Ancient, well-worn paths curved through the garden leading you exactly where you needed to go. The well. The woodpile. The vegetable garden.

To protect from the wind, Scotts Pine, Pinus sylvestris and silver Birch, Betula pendula, had been planted. The Pine were now old and twisted, the Birch, tall and majestic, brand-new vivid lime green leaves shimmering brightly.

A natural hedge around the property, created many years ago when the land was cleared for the house directly out of woodland, provided a boundary of native wild trees and shrubs…Crab Apple, Malus sylvestris, Hawthorn, Crateagus monogyna, Bird Cherry, Prunus padus, the common Holly Ilex aquifolium and Field Maple Acer campestre,

Rambling through the garden, wild dog-rose’s, Rosa canina and arvensis, grew amongst ferns, brambles, and nettles. Wood anemones, wild garlic, primroses and dog violet flowered wildly.

Standing there, I was reminded of the simple beauty and natural balance of nature, and how I strive to replicate that simplicity and balance in the gardens I design.

I considered the importance of selecting plants primarily for their sustainability to their local environment. When I plant native species I’m creating links to the surrounding landscape. This, I realised is the first step in creating a garden as perfectly balanced as the one before me.

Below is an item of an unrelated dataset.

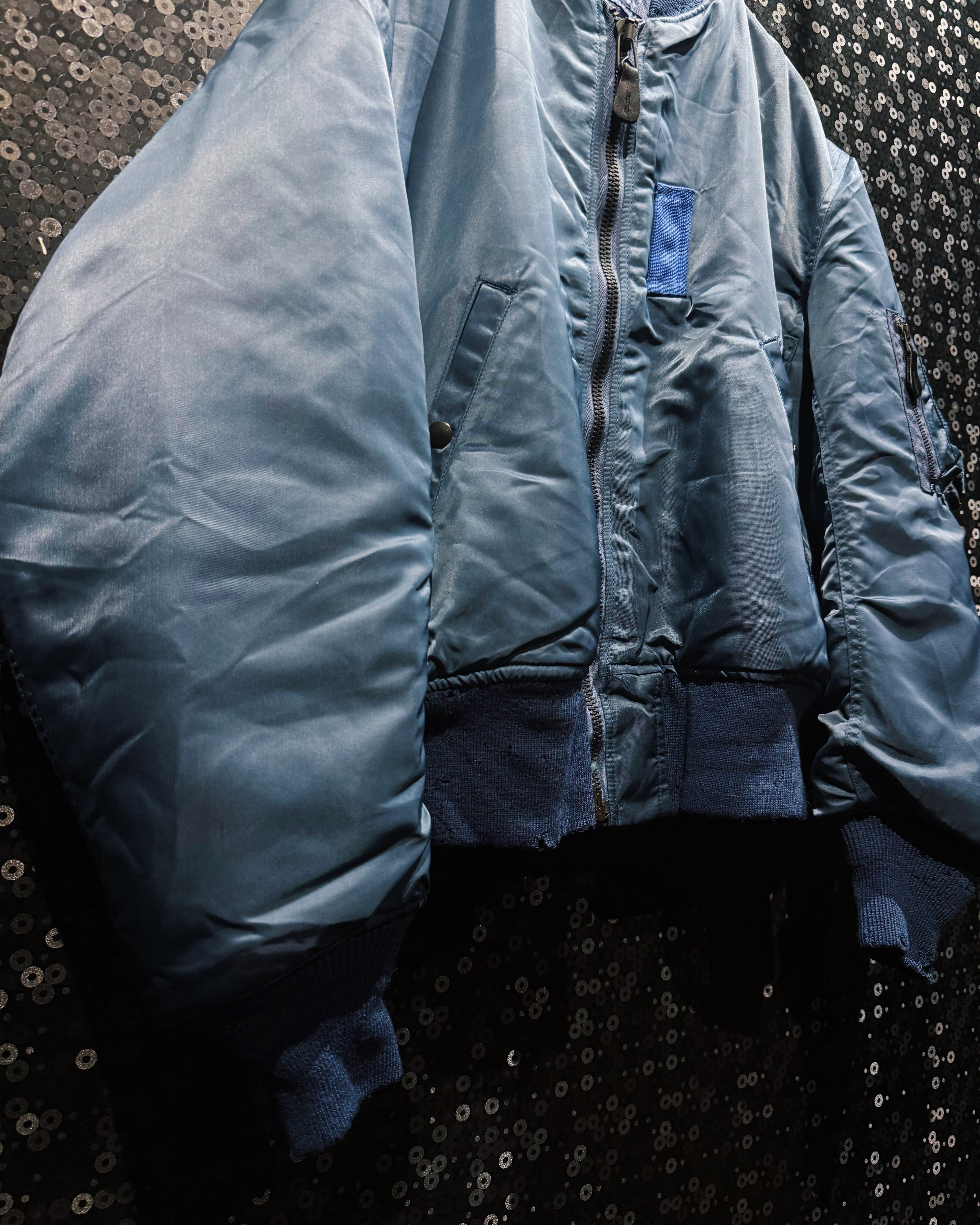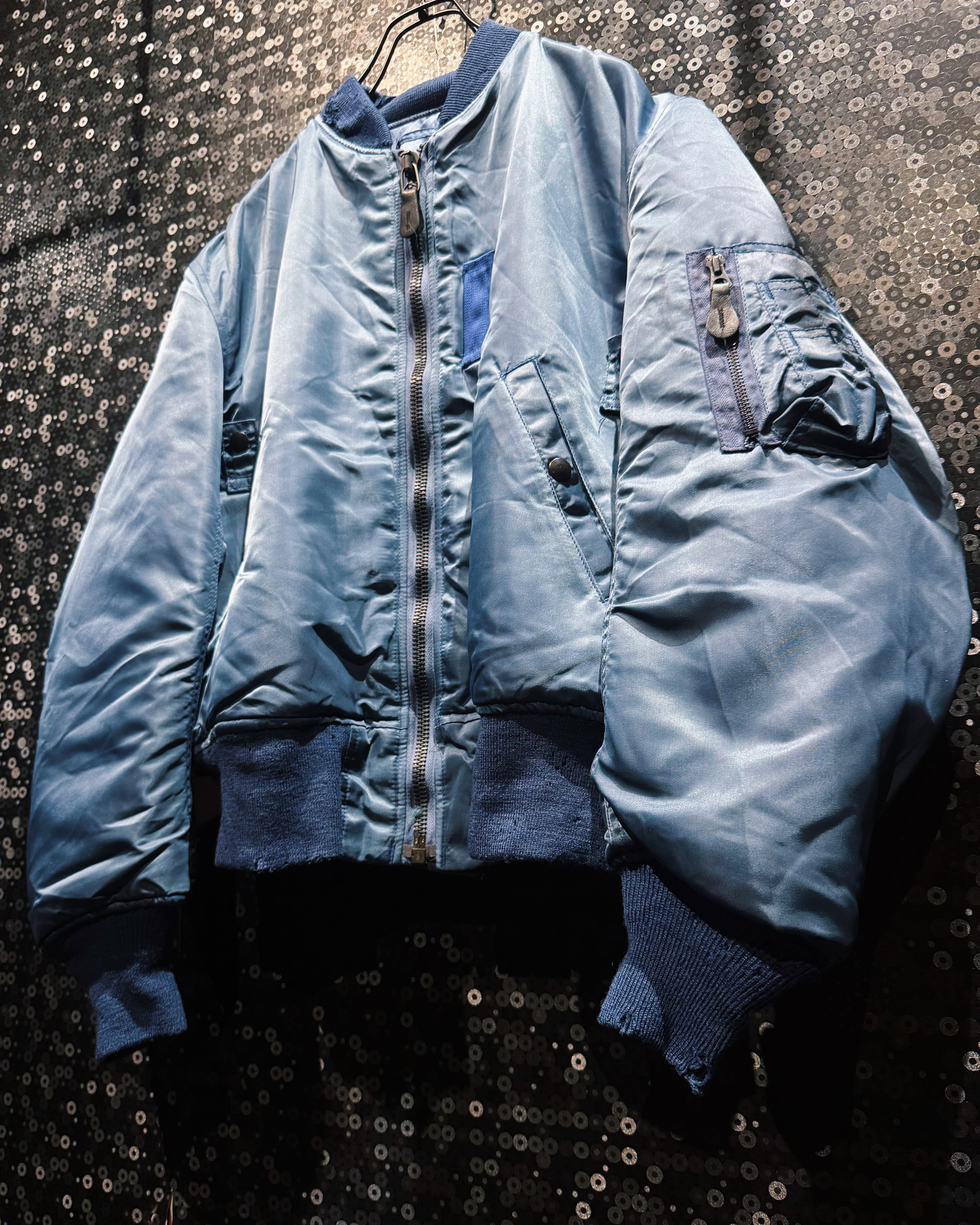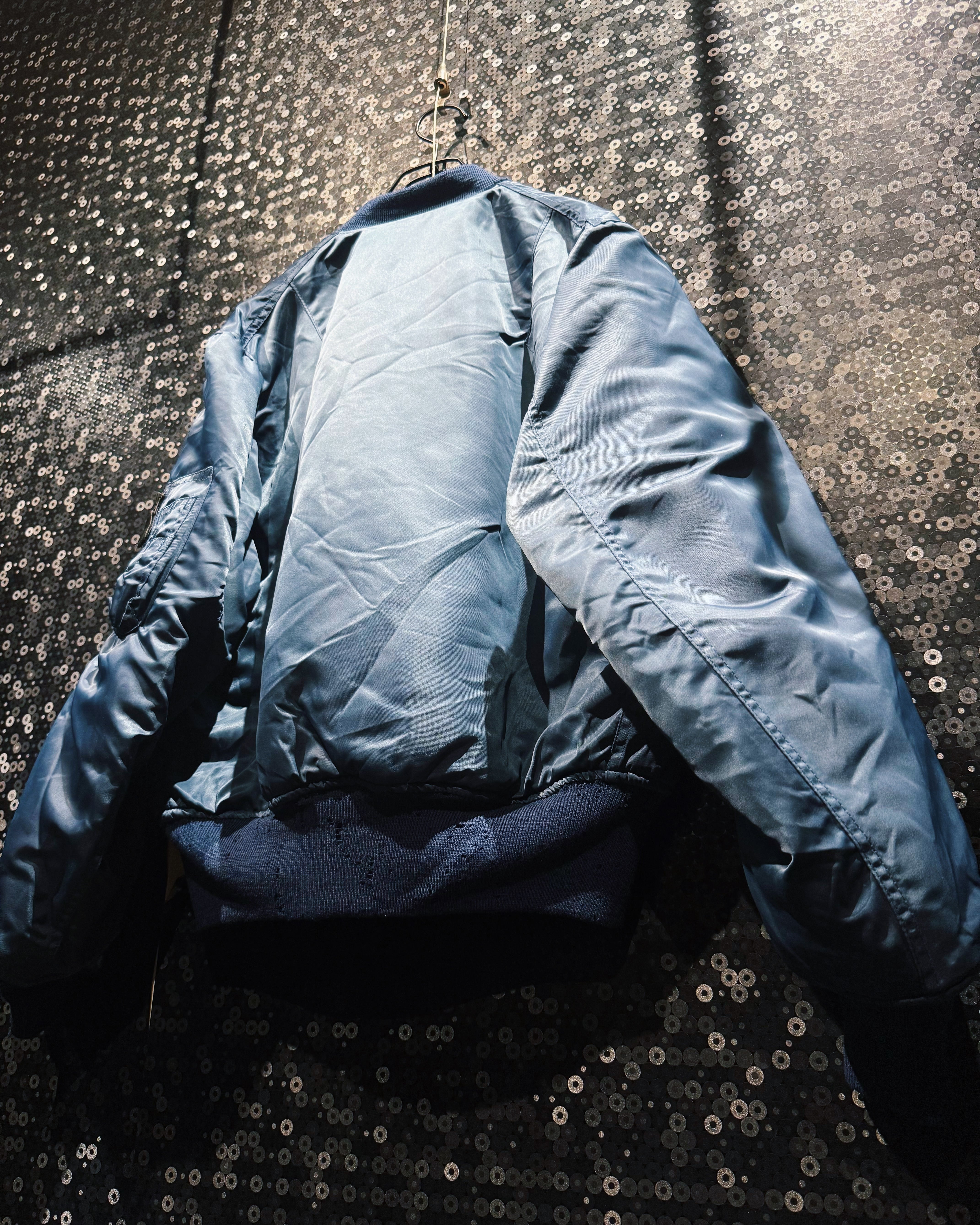 アメリカ空軍の伝統的なフライトジャケット「MA-1」。本作は Weintraub Brothers 製のヴィンテージモデルで、MA-1の中でも希少なブルーカラー仕様。
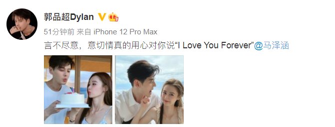 郭品超、马泽涵在微博晒合照公开恋情,写道:“言不尽意,意切情...

I notice I’m not alone anymore. My family and friends have come to find me.

“Ben, I want to ask your professional advise about our garden. What, in your expert opinion, do you think we need to do to this garden?’.

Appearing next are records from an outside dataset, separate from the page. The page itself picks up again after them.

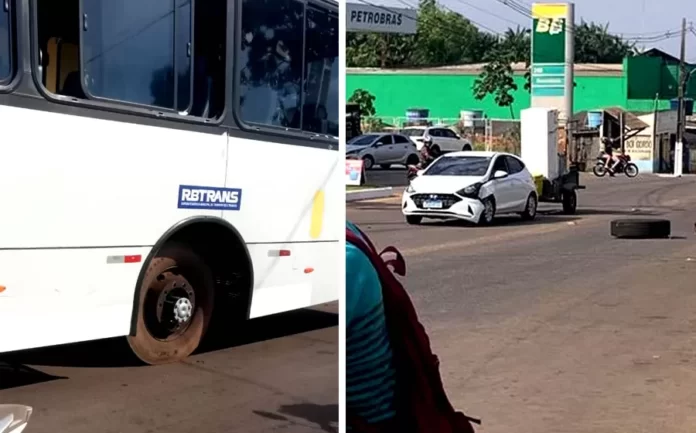 Pneu de ônibus solta e acaba acertando veículo no Acre
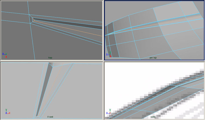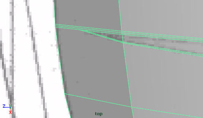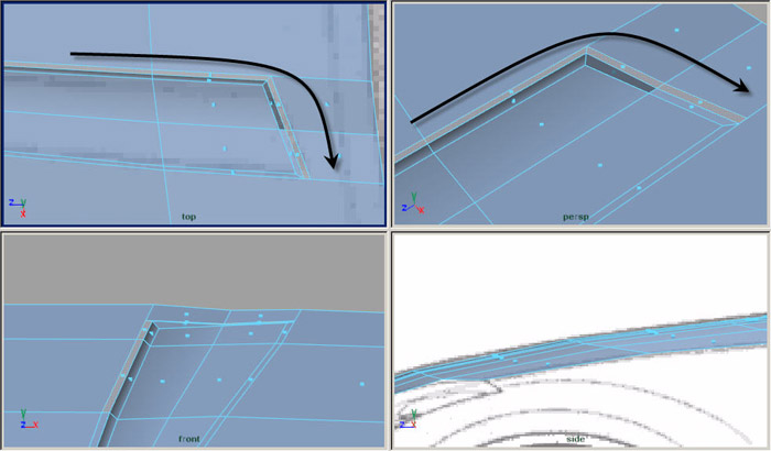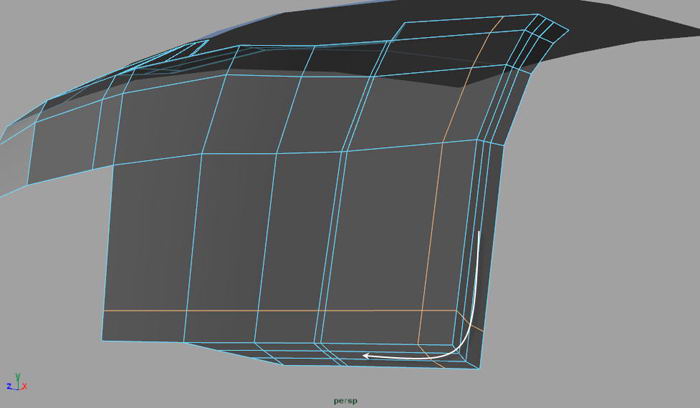 Now we pass to the other end of the cut that demands a similar procedure. A very important note: try to follow the direction of the surface that been modeling, otherwise the result will be worse. As an example, see the screen-shot next, with the arrow I have tried to evidence the direction of our cut. It is very important to be able to see the right direction of surface because is that that at the end determines the “professionality” of your job.
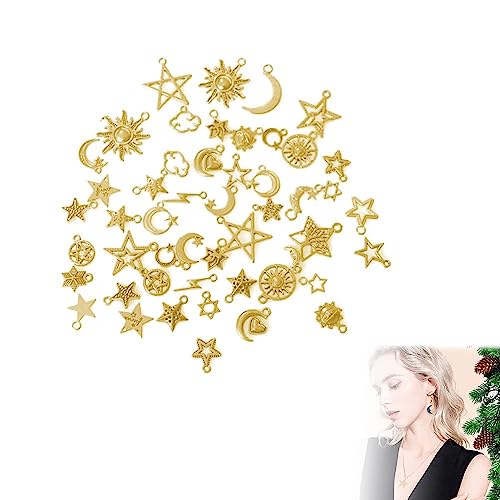 NIANOPKM 50 ciondoli con ciondoli, kit ciondolo connessione stella luna sole, ciondolo in ottone per creazione di gioielli, collane, bracciali, orecchini

Blinking tears from my eyes I reply ‘Nothing….do nothing. Its perfect’

As I walk towards the house I hear a child ask “Mummy, why is Daddy crying?’

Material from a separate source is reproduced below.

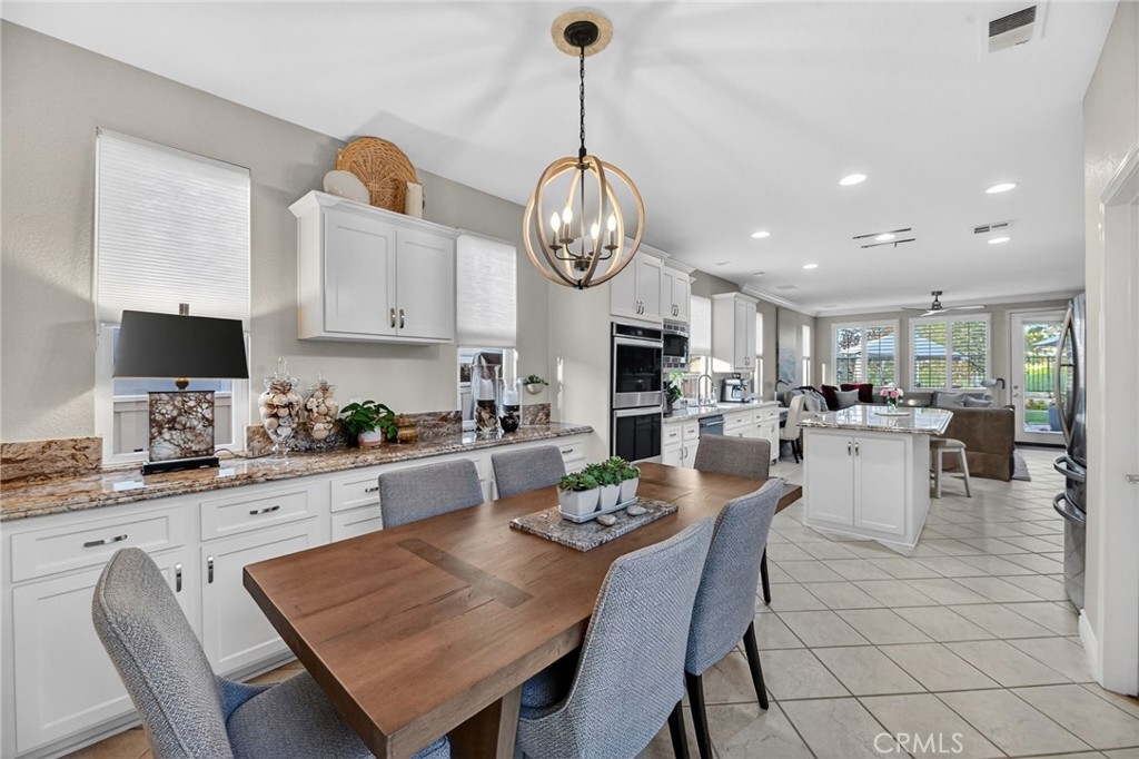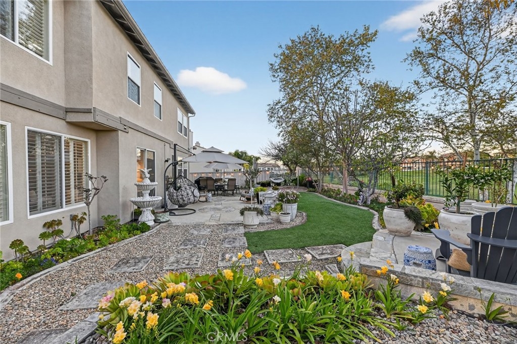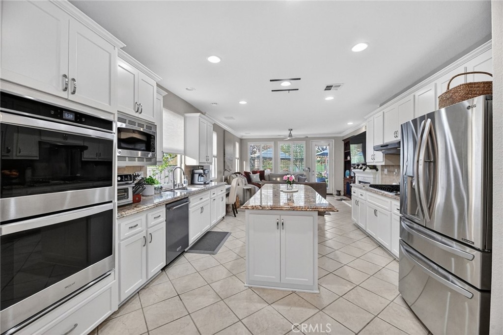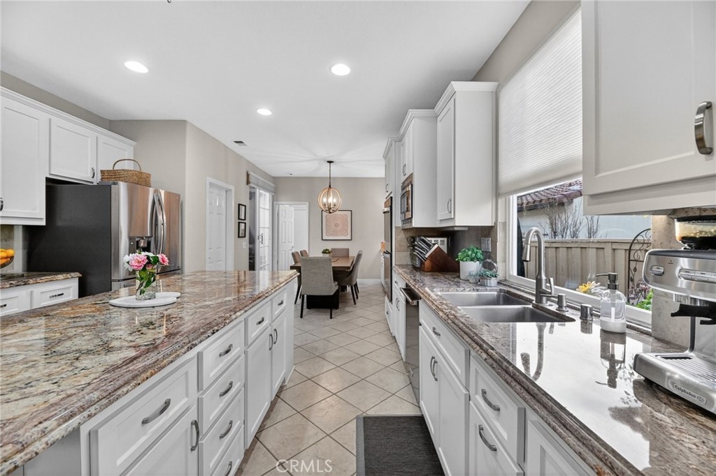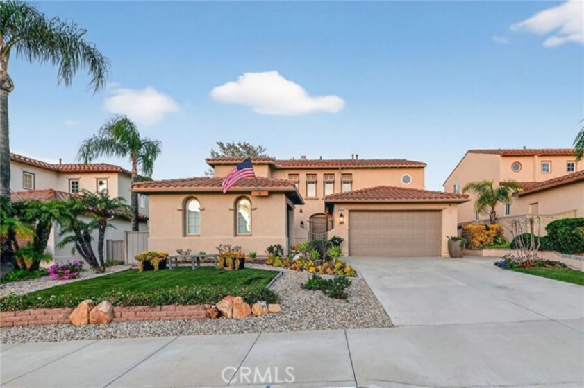Welcome to this beautifully appointed 4-bedroom, 3-bathroom home with an option for a 5th bedroom, offering 2,849 sq ft of spacious living in the highly sought-after Redhawk community of Temecula. Ideally situated near the Redhawk Golf Course and within the boundaries of award-winning Great Oak High School, this home blends comfort, functionality, and timeless style. From the moment you enter, you’re greeted by soaring ceilings, expansive windows, and a seamless open-concept layout designed for both everyday living and entertaining. The formal living and dining areas connect effortlessly and are filled with natural light, enhanced by inviting golf course views. The chef’s kitchen is the heart of the home, featuring slab granite countertops, abundant cabinetry, a walk-in pantry, stainless steel appliances, recessed lighting, and a 6-burner Viking cooktop, all opening to the spacious family room with a cozy gas fireplace and custom built-in entertainment center. The home has been thoughtfully updated with roughly $75,000 in recent upgrades, including refreshed kitchen cabinetry, a remodeled upstairs bathroom, fresh interior paint, updated landscaping, elegant chandelier lighting, electronic window shades, new retractable door screens, and added security lighting and cameras. The main level includes a full bedroom and bath, ideal for guests or a home office, along with a laundry room offering a sink and extra cabinetry. The 3-car garage provides ample storage plus a dedicated workshop area with built-in cabinets. Upstairs, a versatile loft offers space for a media room or optional bedroom conversion. The expansive primary suite captures peaceful golf course views and includes dual closets, granite vanities, and a relaxing soaking tub. The secondary bedrooms are generously sized and filled with natural light. Outside, enjoy a covered patio perfect for relaxing or entertaining, surrounded by drought-tolerant landscaping with turf in the front and back yards for low-maintenance living. Conveniently located near top-rated schools, shopping, dining, Pechanga Resort & Casino, and Temecula Wine Country, this home offers an exceptional lifestyle in one of Temecula’s most desirable communities.

Dancing with Daffodils – A spring time story

I love our British Winters, but even a seasoned gardener such as myself started having dark thoughts by the end of February. I felt I was living within a ghost story, ghouls drifting in and out of the sea mist all around me.

Things had to change. Then the sun came out. I felt the warmth on my face. Looking down I noticed a fragile Crocus feebly waving at me from the lawn. A bright yellow Daffodil ordered me to cheer up. I felt a rush of inspiration to go forth and garden!

I sang with the birds. I merrily talked to the flowers. I was gardening again!

The first job was the tidy up. Quickly I removed all reminders of winter, uncovering fresh new buds and shoots.

Standing back I looked at the garden. I had planned to have something new occurring every week of the year. There would never be a shortage of colour, especially now in Spring.

Planted the last Autumn and situated in a part of the garden enjoyed from the house, the following simple planting combination provides beautiful contrasts of colour, texture, fragrance and shape from late Winter and through the Spring.

Vertical stems of the Dogwood Cornus siberica, flash bright red along side the bluish-green foliage and large, towering dome-shaped, lime-yellow flowers of the architectural perennial, Euphorbia characias subspecies Wulfenii “Lambrook Gold’.

Joining them is the flowering currant, Ribes sanguineum ‘Brocklebankii’. This shrub provides plenty of colour, both in spring when the pink flower trusses appear, and for the rest of the summer when its yellow foliage glows cheerfully in shadier areas of the border.

Providing the ground cover are the smoky purple flowers of Hellebore orientalis and the pure white heart shaped flowers of Dicentra spectablis ‘alba’ floating amongst graceful arching stems of Solomon seal, Polygonatum x hybridum, and the beautifully textured evergreen Shield Fern, Polystichum aculeatum.

Adding to the drama are the bulbs Daffodil Narcissus ‘Camelot’, its pure yellow, large, cupped flowers, borne singly on upright dark green stems and the gorgeous double Tulip ‘Angelique’. This Tulip’s outstanding blooms of soft blush pink deepen with age, a rich apple blossom ink developing at the edges, with green markings on the outside. Like all double Tulips, it needs some shelter to prevent wind and rain dashing the heavy blooms.

Planted amongst them are other treasures waiting to burst forth, but, for now, I happily enjoy the moment. I’m dancing with the Daffodils.